Maintenant Alemguir était en selle et c’est moi que, d’une voix haletante de sanglots, la princesse suppliait :

— Iravata, toi qui es fort, toi qui aimes ton maître et qui dois m’aimer, puisque tu as l’âme d’un de mes aïeux, protège le prince, défends-le, ramène-le-moi vivant, car s’il ne revient pas, je mourrai…

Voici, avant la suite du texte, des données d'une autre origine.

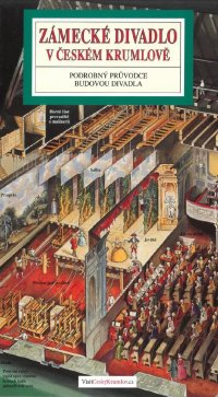 Kreslená panoramatická mapa budovy zámeckého barokního divadla s podrobným ilustrovaným průvodcem.
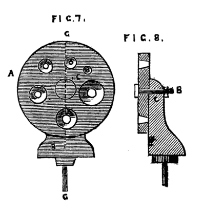 There are, in addition to the flange and pointed centre, other pieces of apparatus that can be substituted, as occasion may require, and these will be hereafter described in this series. With regard to the common rest for hand turning a lengthened description is unnecessary. The T or tee should for wood turning be of the form shown in Fig. 6 at A. It is often made as B, which is a very inconvenient pattern, as the cross piece on which the tool rests cannot be advanced sufficiently close to the work if the latter exceeds a diameter of two or three inches. For metal turning the top of the rest should be flat, and about one inch broad, as the heel of the hook tools used for turning iron must be able to take a firm bearing upon its surface. Sometimes a plate of brass is riveted on the flat top, as the tool takes a firmer hold on this metal, and when the latter becomes defaced and channelled it can be renewed without the cost of a new casting in iron. The turner should be provided with two or three tees for metal and for wood,—one may be long enough to have two legs and require[5] two sockets, as shown at C. This is convenient in turning long pieces of wood,—a very short tee, not more than an inch in length, should also be provided, and if one tee is specially kept with a very level and smooth edge, it will be found of great advantage in chasing screws—indeed the latter work can hardly be managed at all if the top of the rest is damaged and uneven. The next part requiring description is the boring collar, without which even a hand turning lathe can hardly be considered complete. This boring collar is intended so to support one end of the work, instead of its being held by the back centre, as to enable the workman to get at the end of it for the purpose of drilling it. Suppose for instance the work in hand is a tool handle, and that it is so far finished as only to require the hole for the reception of the tang of the tool. If this is bored by hand with a gimlet, it is seldom that the hole will be truly in the axis of the piece, but when this is done in the lathe by the help of the boring collar the bore will be truly central, and the tool when in place will fall in the same line with the handle. This will conduce to the correctness of the work in hand more than the amateur or other workman might suppose, and a row of tools thus truly handled and in good condition generally bespeaks an efficient and careful artisan. There are several plans for boring collar of nearly equal efficiency, and we shall describe one or two of the most common, and also one invented by the author, and which, if carefully made, is of great service. Fig. 7 represents a poppet head, B, which is but half the height of the other poppets of the lathe—a side view of this is shown at B, Fig. 8. Near the top of this poppet is a hole through which passes a bolt C, by which and its nut the circular plate A can be securely clamped in any desired position, as it revolves freely on the bolt as a centre pin. This plate is bored with a series of conical holes, which are so arranged that their respective centres will be in a line with the centres of the mandrel when any one of them is brought into a position corresponding with the line c, c. The hole thus brought into position for use (having been selected according to the size of the work to be bored), takes the place of the back centre; the end of the work rests in the cone, which is greased or soaped to reduce friction, and the rest being fixed at the other side of the boring collar, the drill can be readily used, and the bore afterwards enlarged if necessary with any convenient tool. This boring collar is generally made of iron, but a substitute of hard wood will[6] frequently serve the purpose, and can be made by the amateur, who may be unable to obtain one of more durable material. If made of wood the best unguent will be soap or black lead, such as is used for grates, or a mixture of the two. This black lead or plumbago (it has no lead in its composition) will always be found serviceable where wood works upon wood, and also to give a smooth surface to wooden patterns for casting.
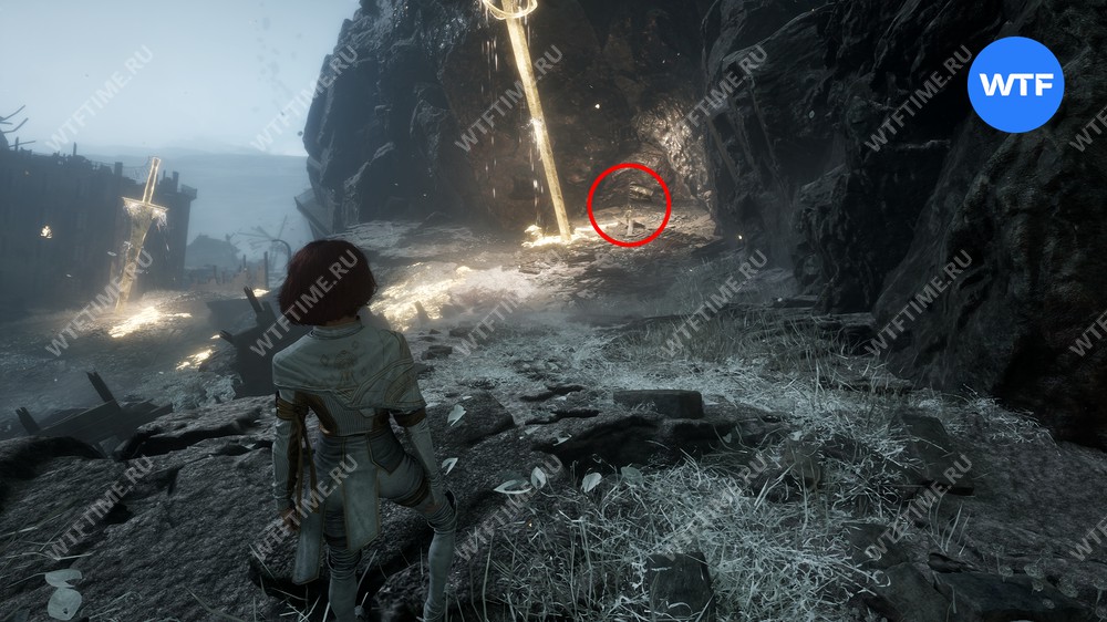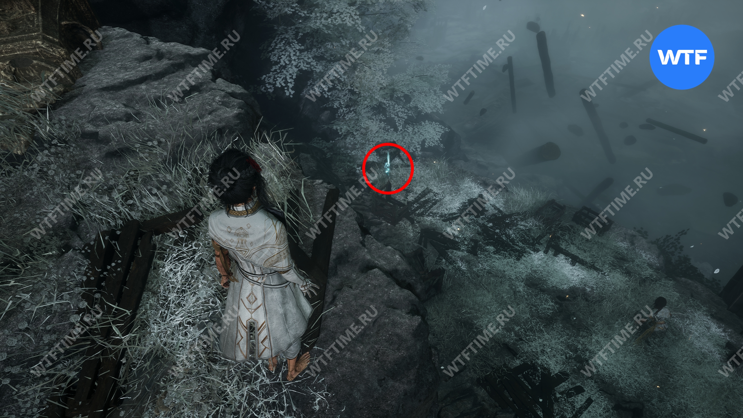 Вернитесь к дверному проему и выйдя через него обратно к развилке, сверните налево. Там вы сможете спуститься с уступа, чтобы подобрать 2495 хромы.
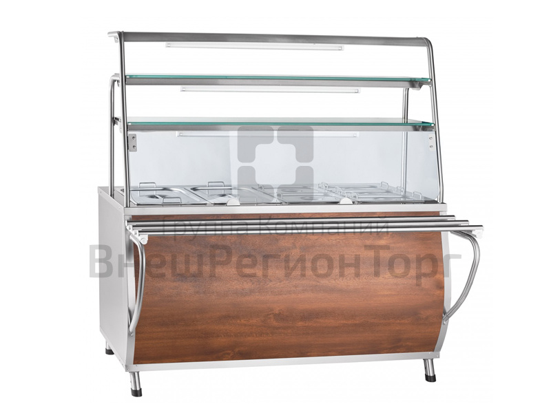 Над мармитом три полки с подсветкой. Ножки регулируются по высоте. Направляющие для подносов в комплекте.
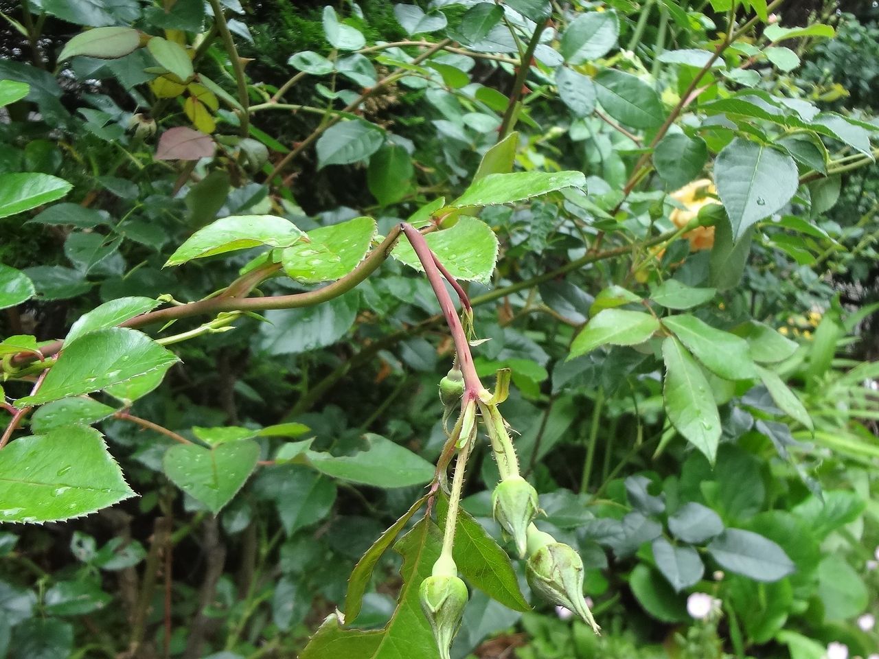 今朝、開いたばかりの花を摘むために庭に出ると、メアリーローズの2番花の蕾を持った新しい枝をかじられているのに気づきました。かじられたばかりの枝はみずみずしい部分があります。時間がたつと茶色になり、枯れたり、太い枝はそのまま生きることもあります。この枝は、残念ですが枯れてしまいます。良い芽の上で切り捨てます。
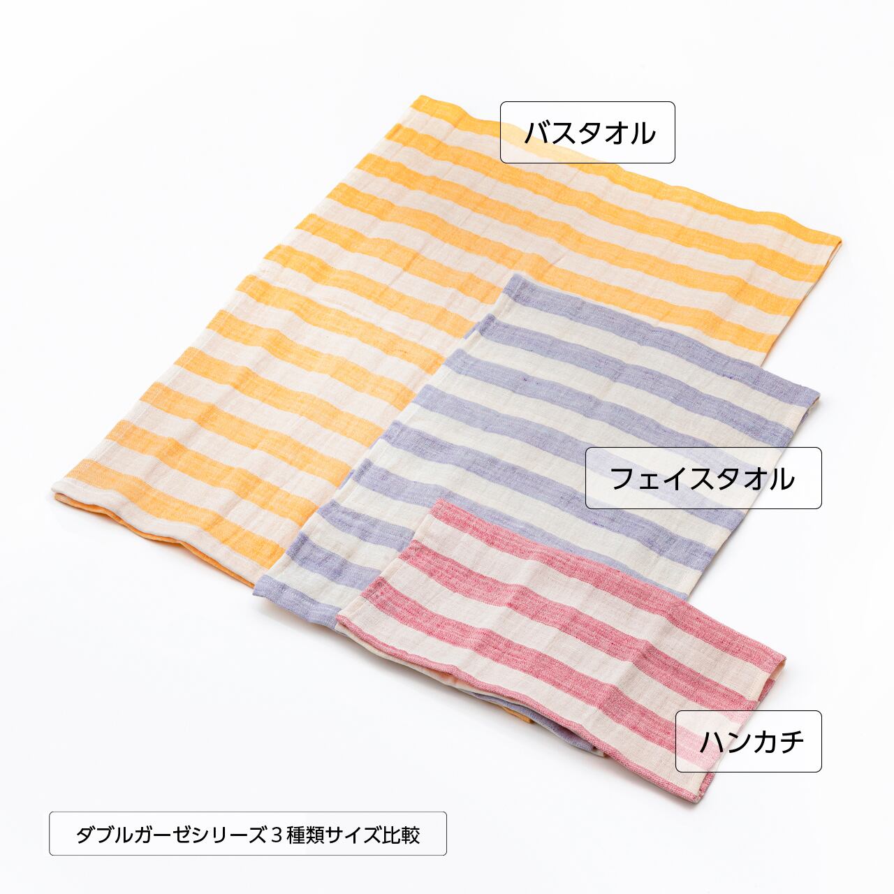 経(たて)糸にオーガニックコットン、緯(よこ)糸にリネンを使用したオリジナルのダブルガーゼ生地を、ハンカチサイズに仕立てました。
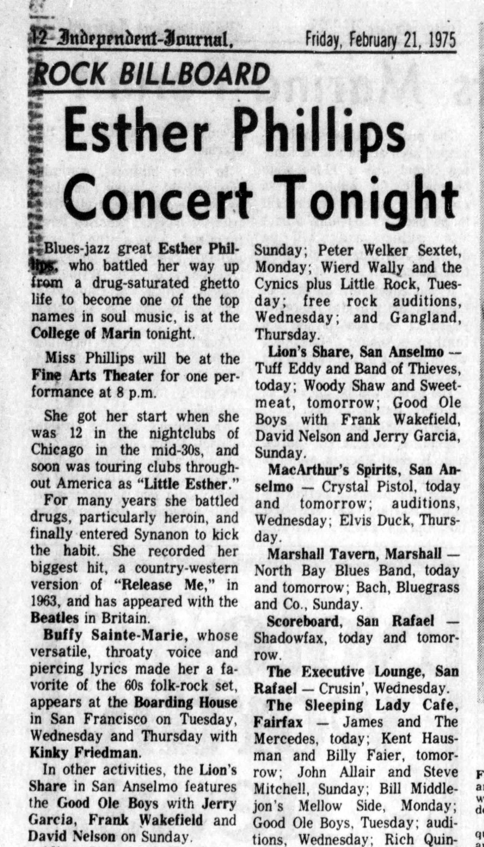 listing: "Rock Billboard: Esther Phillips Concert Tonight," Daily Independent Journal (San Rafael, CA), February 21, 1975, p. 12, billing "Good Ole Boys with Frank Wakefield, David Nelson, and Jerry Garcia".
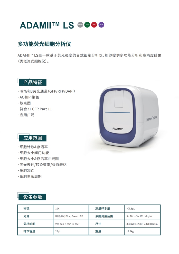 產品型號:ADAMII?LS多功能熒光細胞分析儀
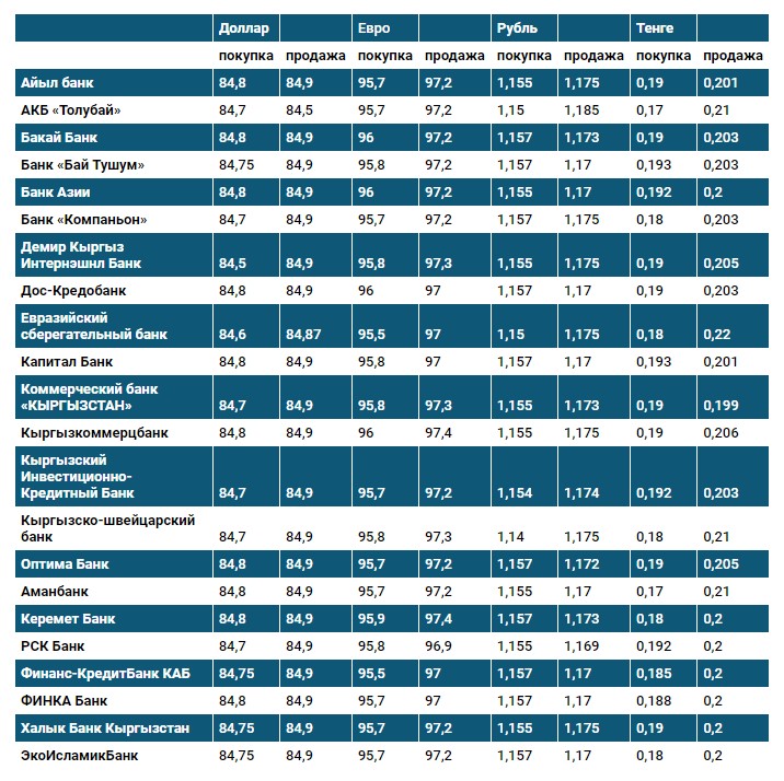 Курс доллара в коммерческих банках Кыргызстана на 19 ноября

En disant ces mots, la princesse devint pâle comme de la neige et tomba évanouie dans les bras de ses suivantes. Je fis le serment dans mon cœur, de défendre mon maître de tous mes efforts, et de ne pas ménager ma vie pour sauver la sienne.

Profitant de l’évanouissement de Saphir-du-Ciel qui la rendait insensible, Alemguir avait donné le signal du départ. On quitta le palais, puis on sortit de Golconde pour rejoindre le gros de l’armée qui campait dans la plaine.

L’artillerie et les éléphants furent placés au centre des bataillons ; les cavaliers à droite et à gauche, et les fantassins devant et derrière.

Les trompettes sonnèrent une marche guerrière, les timbales grondèrent sourdement, l’armée tout entière poussa une longue clameur et l’on marcha vers l’ennemi.